**Source data**
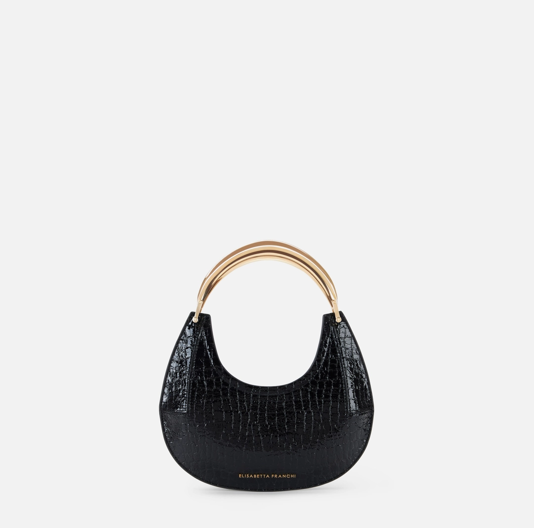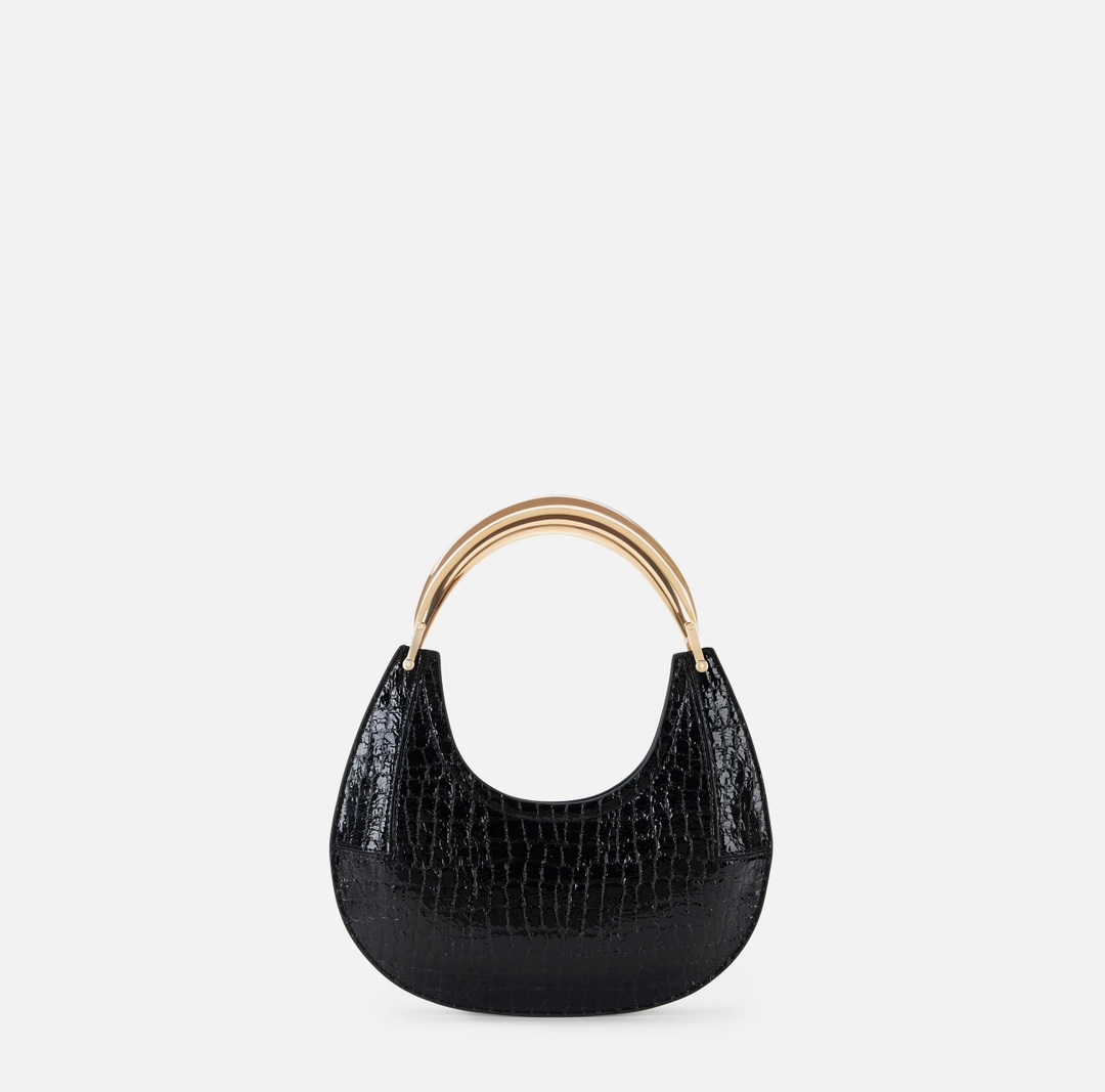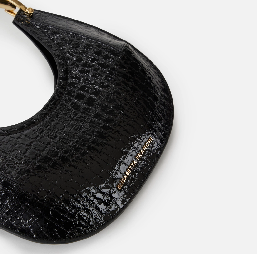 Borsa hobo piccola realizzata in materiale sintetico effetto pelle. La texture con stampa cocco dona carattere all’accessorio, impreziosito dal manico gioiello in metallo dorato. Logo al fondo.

---

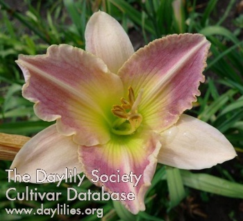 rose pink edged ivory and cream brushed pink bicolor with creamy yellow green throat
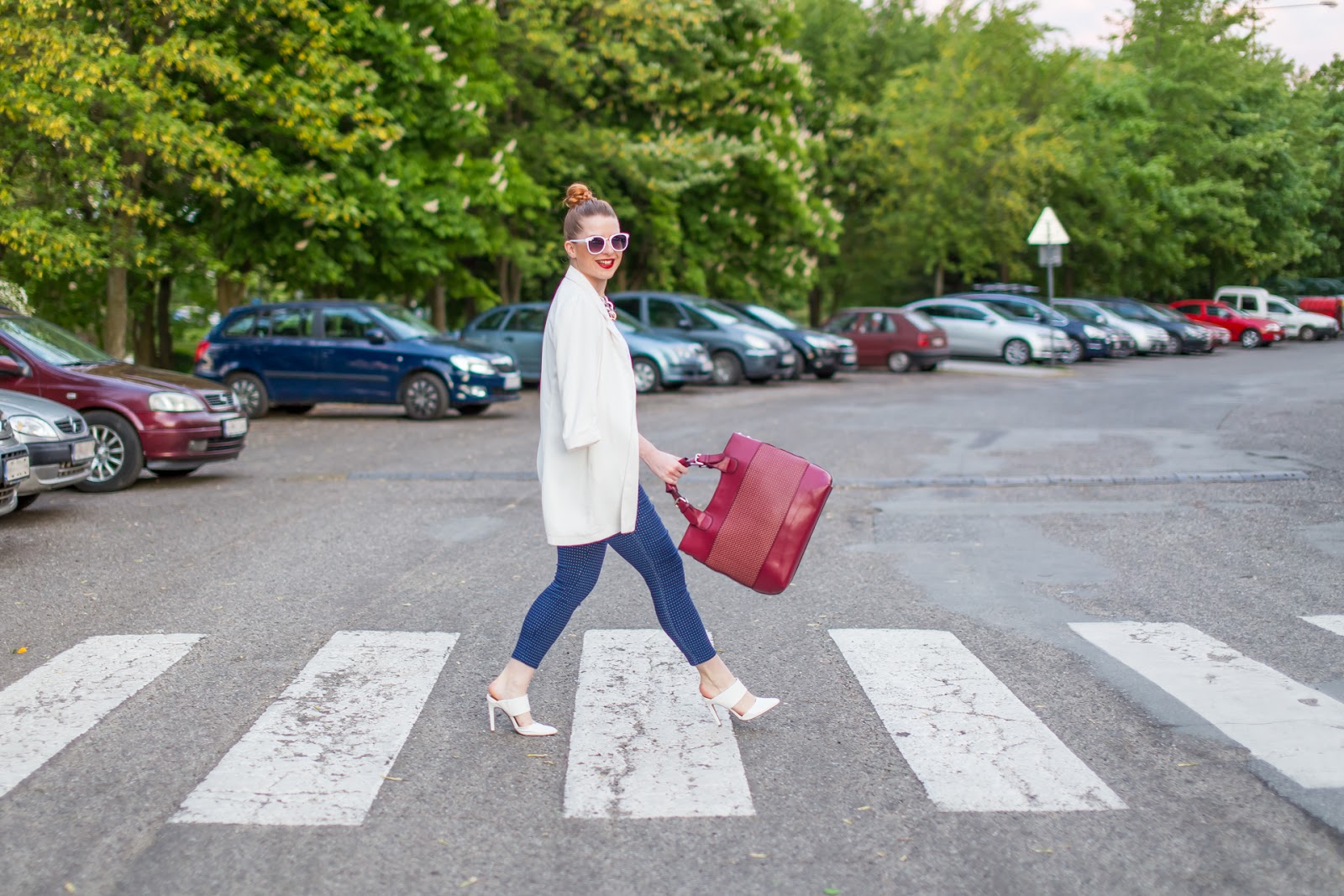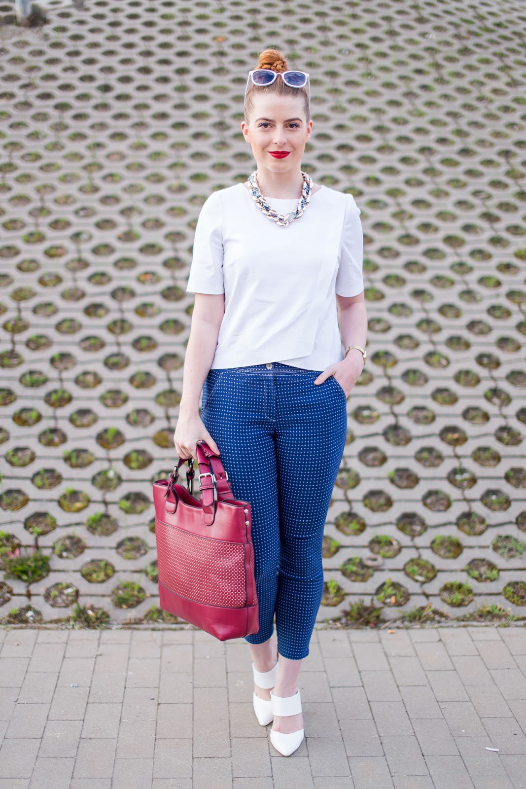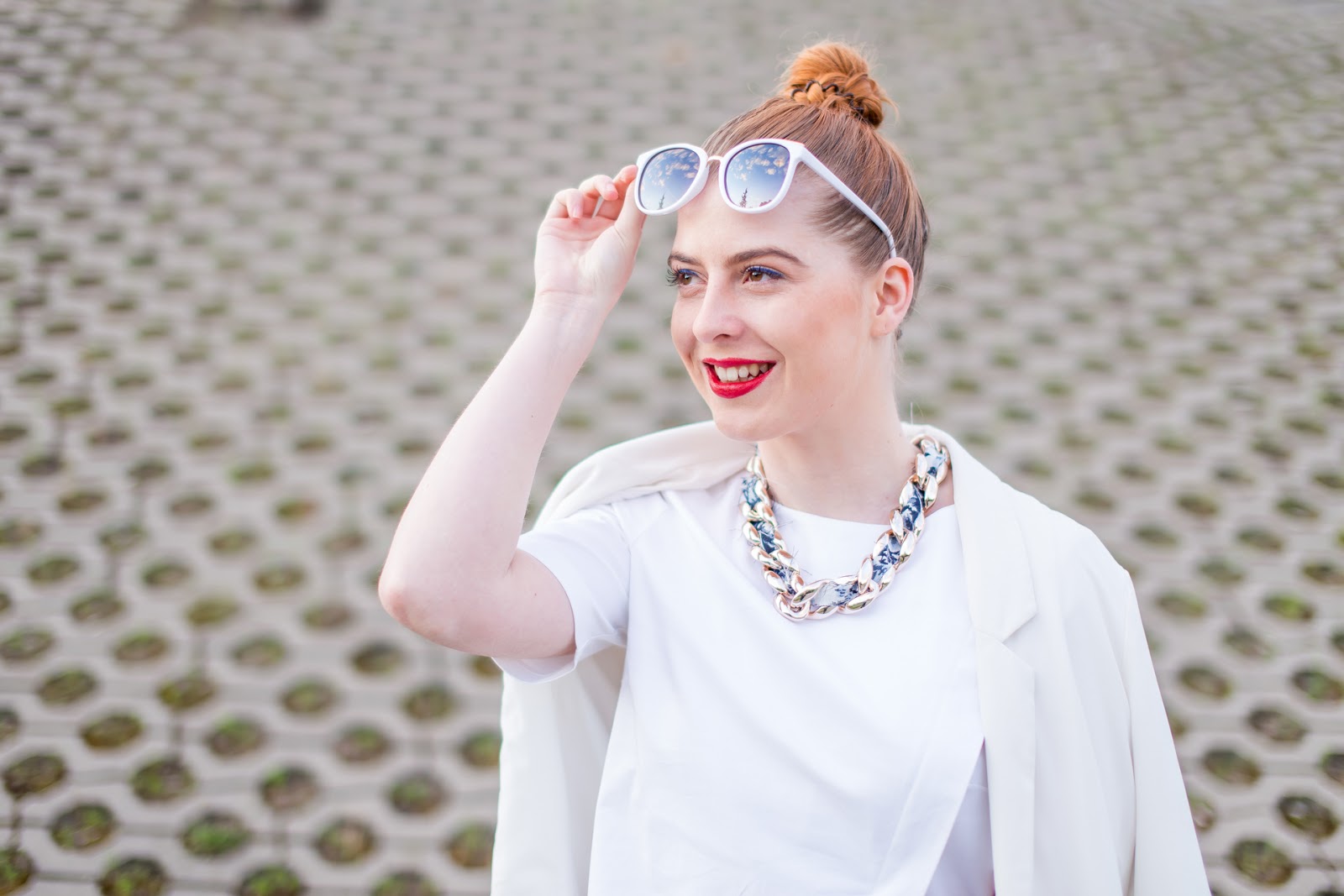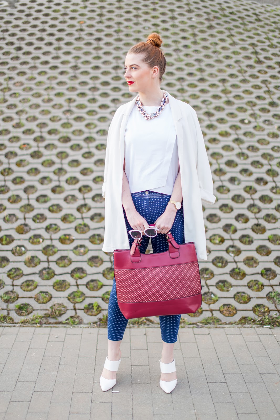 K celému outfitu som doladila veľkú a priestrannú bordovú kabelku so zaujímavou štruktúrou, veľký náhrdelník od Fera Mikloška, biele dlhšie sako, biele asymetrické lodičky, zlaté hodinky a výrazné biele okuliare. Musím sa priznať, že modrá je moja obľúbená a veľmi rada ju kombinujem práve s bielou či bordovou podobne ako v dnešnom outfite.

**Task details**
Restate word for word the lines of the data above that begin at the line with "rose pink edged" and end at the line with "K celému outfitu", keeping both ends and dropping every picture.

**Output**
 rose pink edged ivory and cream brushed pink bicolor with creamy yellow green throat
 K celému outfitu som doladila veľkú a priestrannú bordovú kabelku so zaujímavou štruktúrou, veľký náhrdelník od Fera Mikloška, biele dlhšie sako, biele asymetrické lodičky, zlaté hodinky a výrazné biele okuliare. Musím sa priznať, že modrá je moja obľúbená a veľmi rada ju kombinujem práve s bielou či bordovou podobne ako v dnešnom outfite.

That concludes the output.